RECORDED INFORMATION:
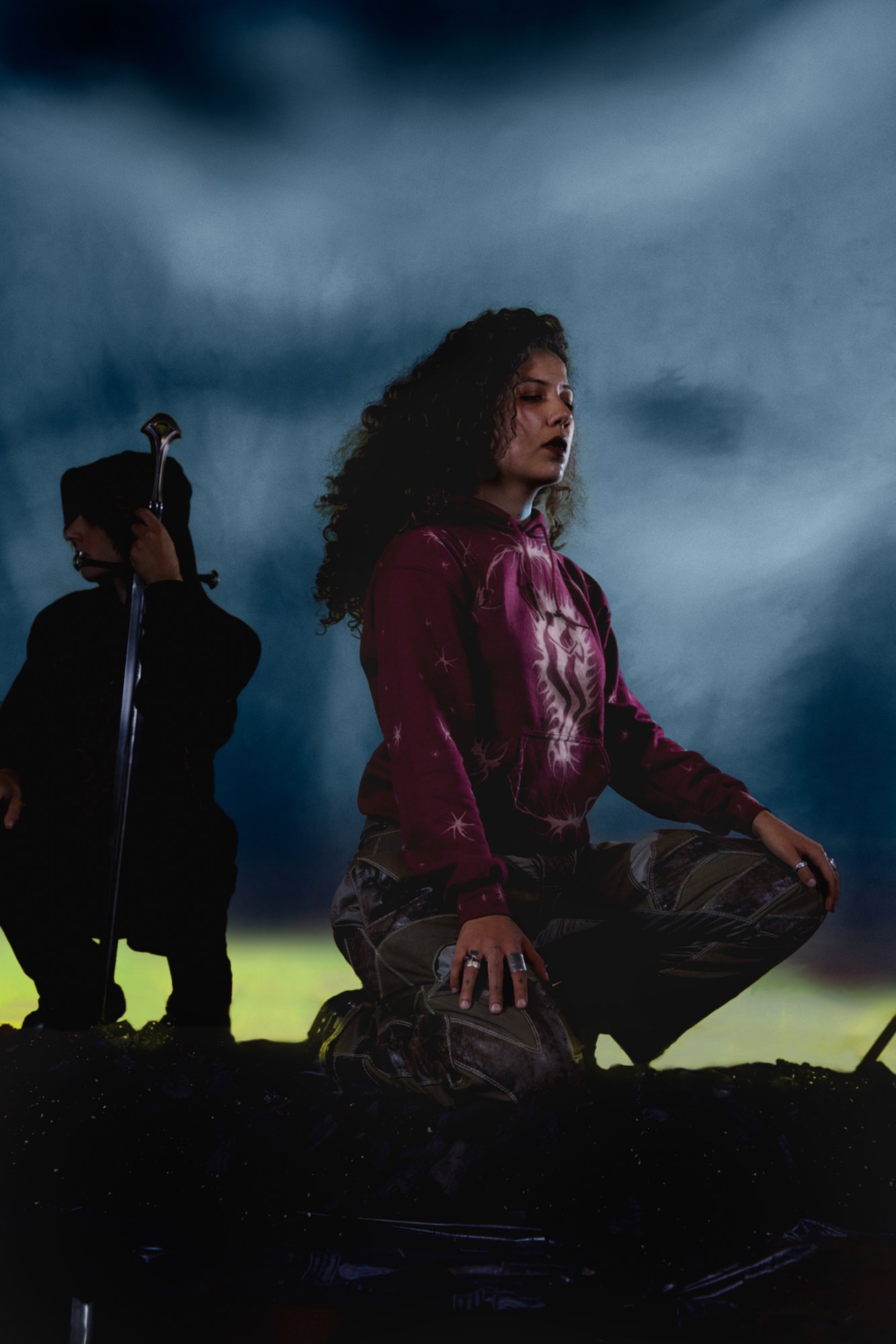 I wanted to add another layer of symbolism to the Ritual Hoodie story. This series is an ode to Tolkien of course! Being a huge fan of the medieval period and all the fantasy that came out of this time, I wanted to join this with a contemporary garment — a hoodie. We also wanted to keep the notion of an epic narrative, which is central to my work. It was very important to get my friends to model in this project. That way, it became a common quest. We looked at paintings to inspire the poses of the models. John William Waterhouse’s Pre-Raphaelite revival of the medieval figures; Edmund Leight’s paintings of knights; Queen Joanna the Mad, this haunting painting by Francisco Pradilla; Chiaroscuro Rembrandt masterpieces and many more.
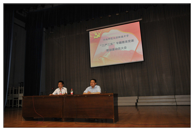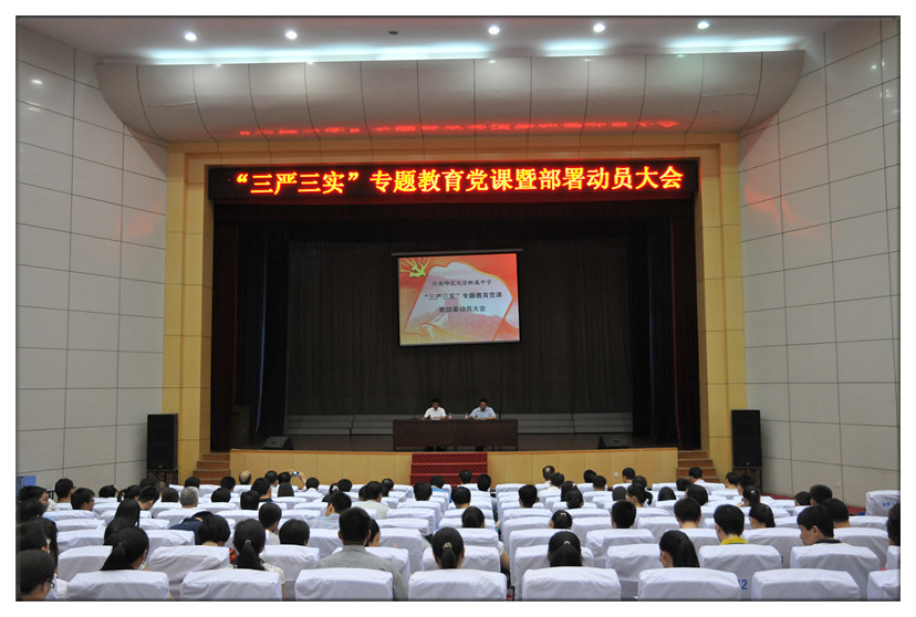 根据师大党委的统一安排,6月9日下午,我校召开了“三严三实”专题教育党课暨部署动员会,深入学习贯彻上级专题教育工作会议精神,安排部署我校“三严三实”专题教育活动。此次部署动员会由校长刘黎主持。全体党员参加了会议。
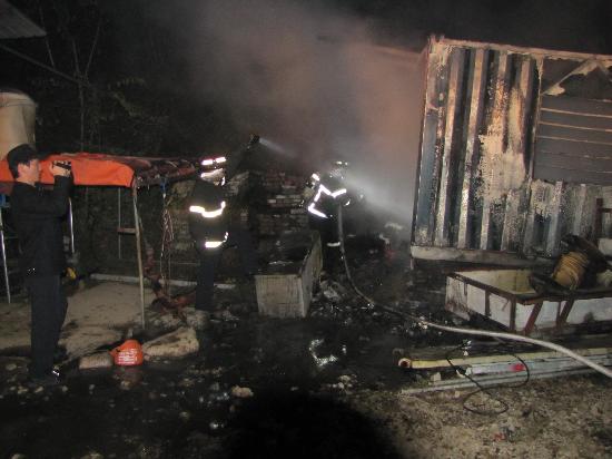 마을회관인근 컨테이너 화재 현장에 출동하여

PROBLEM TO SOLVE: Could you return exactly the lines starting with the one that contains "根据师大党委的统一安排,6月" and ending with the last line of the data above? Leave the pictures out.

EXERCISE RESPONSE:
 根据师大党委的统一安排,6月9日下午,我校召开了“三严三实”专题教育党课暨部署动员会,深入学习贯彻上级专题教育工作会议精神,安排部署我校“三严三实”专题教育活动。此次部署动员会由校长刘黎主持。全体党员参加了会议。
 마을회관인근 컨테이너 화재 현장에 출동하여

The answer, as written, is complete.